→ **What the task requires**
Your answer should be an exact copy of the lines from the one containing "a First Edition" through the last line of the records below, without any pictures.

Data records
Content starts

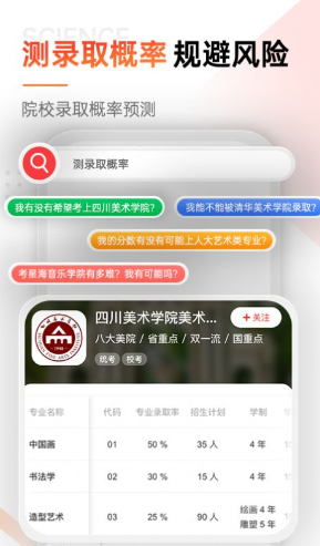 3、基于智能大数据分析,考生只需输入文化与专业智能匹配方案,即可解决艺术类考生高考填报问题。
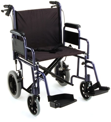 Our NOVA 332B, 22" Transport Chair (HEAVY DUTY and EXTRA WIDE) is designed to provide easy, lightweight patient transport. 12" rear wheels provide a more comfortable ride. The comfortable padded upholstery and arm pads are reinforced to prevent stretching or ripping. It features Detachable/Reversible desk arms. Hand Brakes provide optimum safety and control. For added safety a seat belt is included and each chair is equipped with locking rear wheels. The lightweight aluminum frame (33lbs.) makes loading easier. The quick-release, fold-down back allows the chair to fit compactly into small areas. It has non-skid footplates with heel loops. All chairs have removable swing-away footrests and a limited lifetime warranty on the frame.You will not be disappointed with NOVA 332 Lightweight Transport Chair with Detachable Arms, Hand Brakes and 12" Rear Wheels, 22", Blue
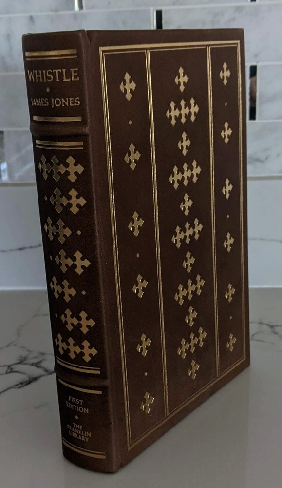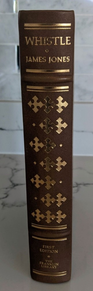 a First Edition of Whistle by James Jones , Franklin Library 1st Edition 1978 Pre-Owned in a Private collection in original packaging, never even put on the library shelf, brand new, mint condition Fine, Leather Bound. Book accented in 22kt gold. Printed on archival paper with gilded edges. The endsheets are of moire fabric with a silk ribbon page marker. Smyth sewing and concealed muslin joints to ensure the highest quality binding. This book is in full leather with hubbed spines. This collection would be great for any historical enthusiast. I tems shipped from a smoke free home. We only ship to confirmed addresses. We are not responsible for duties or taxes, no APO/FPO.
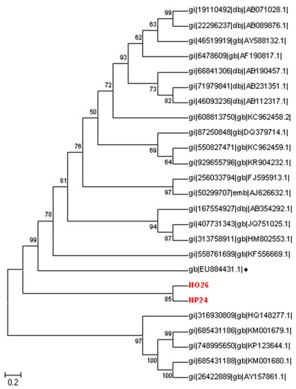 The RV and NV positive samples were sequenced and analyzed to determine differences with those reported worldwide. Phylogenetic trees were produced for both viruses, using neighbor joining with the Kimura method and a G value of 1.73. The sequence names were NO26 for October and NP24 for June, with these sequences being compared with previous sequences reported in the GenBank. Those sequences were chosen for their relationship with the RdPd gene, as they had a similarity (about 80% identity) to a strain from Japan, the USA and Italy. The result confirms that the detected NV in both cases belonged to genogroup II. This genogroup is distributed worldwide and is associated with diarrheic outbreaks []. Nevertheless, it differs from the previously reported Mexican NV sequence (EU884431) (Figure 2), thus indicating the need of genotype studies to obtain accurate phenotype information.
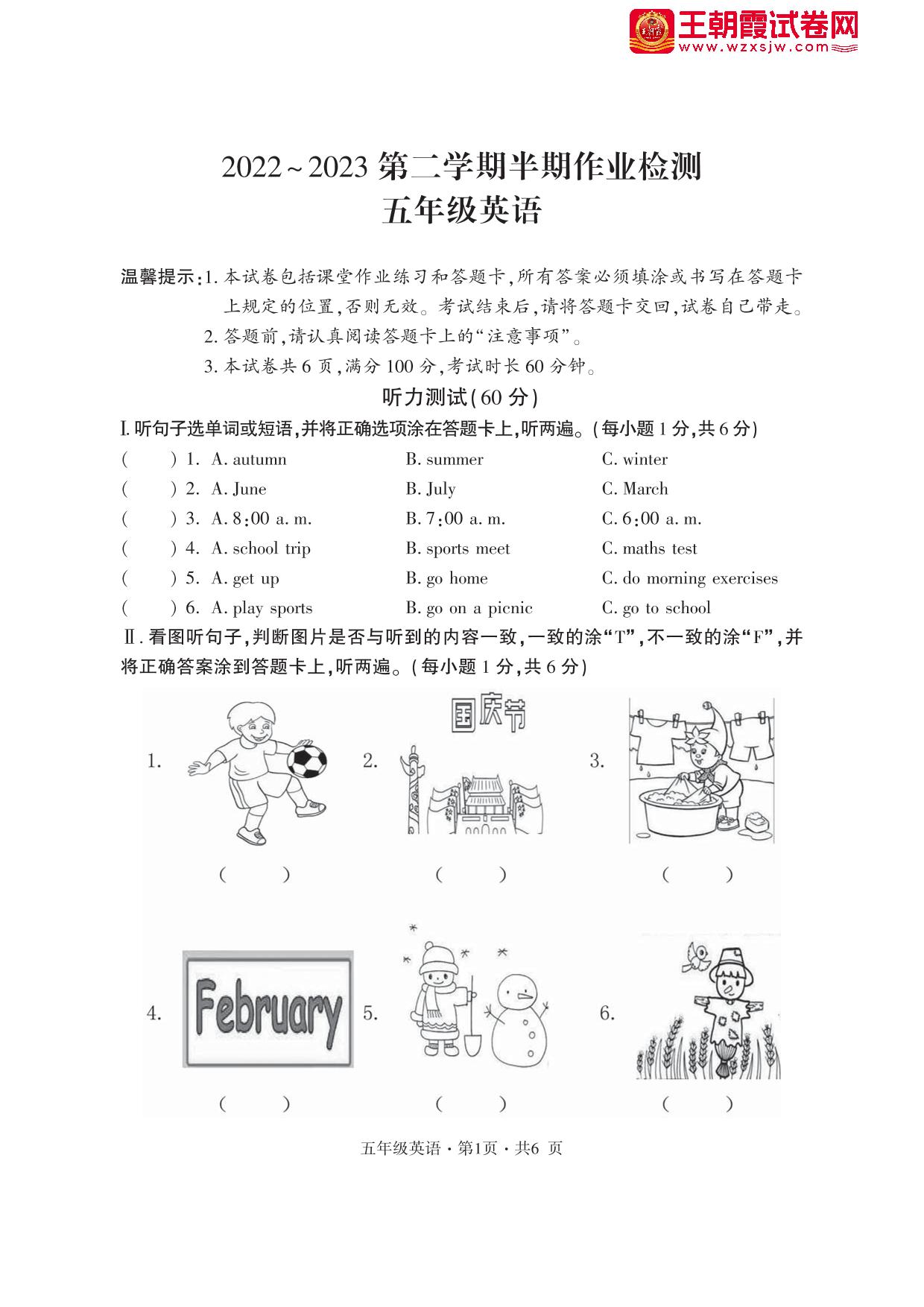 贵州省六盘水市盘州市2022~2023学年第二学期期中作业检测五年级英语(PEP版)【无听力音频】

Content ends

→ **Response to this exercise**
 a First Edition of Whistle by James Jones , Franklin Library 1st Edition 1978 Pre-Owned in a Private collection in original packaging, never even put on the library shelf, brand new, mint condition Fine, Leather Bound. Book accented in 22kt gold. Printed on archival paper with gilded edges. The endsheets are of moire fabric with a silk ribbon page marker. Smyth sewing and concealed muslin joints to ensure the highest quality binding. This book is in full leather with hubbed spines. This collection would be great for any historical enthusiast. I tems shipped from a smoke free home. We only ship to confirmed addresses. We are not responsible for duties or taxes, no APO/FPO.
 The RV and NV positive samples were sequenced and analyzed to determine differences with those reported worldwide. Phylogenetic trees were produced for both viruses, using neighbor joining with the Kimura method and a G value of 1.73. The sequence names were NO26 for October and NP24 for June, with these sequences being compared with previous sequences reported in the GenBank. Those sequences were chosen for their relationship with the RdPd gene, as they had a similarity (about 80% identity) to a strain from Japan, the USA and Italy. The result confirms that the detected NV in both cases belonged to genogroup II. This genogroup is distributed worldwide and is associated with diarrheic outbreaks []. Nevertheless, it differs from the previously reported Mexican NV sequence (EU884431) (Figure 2), thus indicating the need of genotype studies to obtain accurate phenotype information.
 贵州省六盘水市盘州市2022~2023学年第二学期期中作业检测五年级英语(PEP版)【无听力音频】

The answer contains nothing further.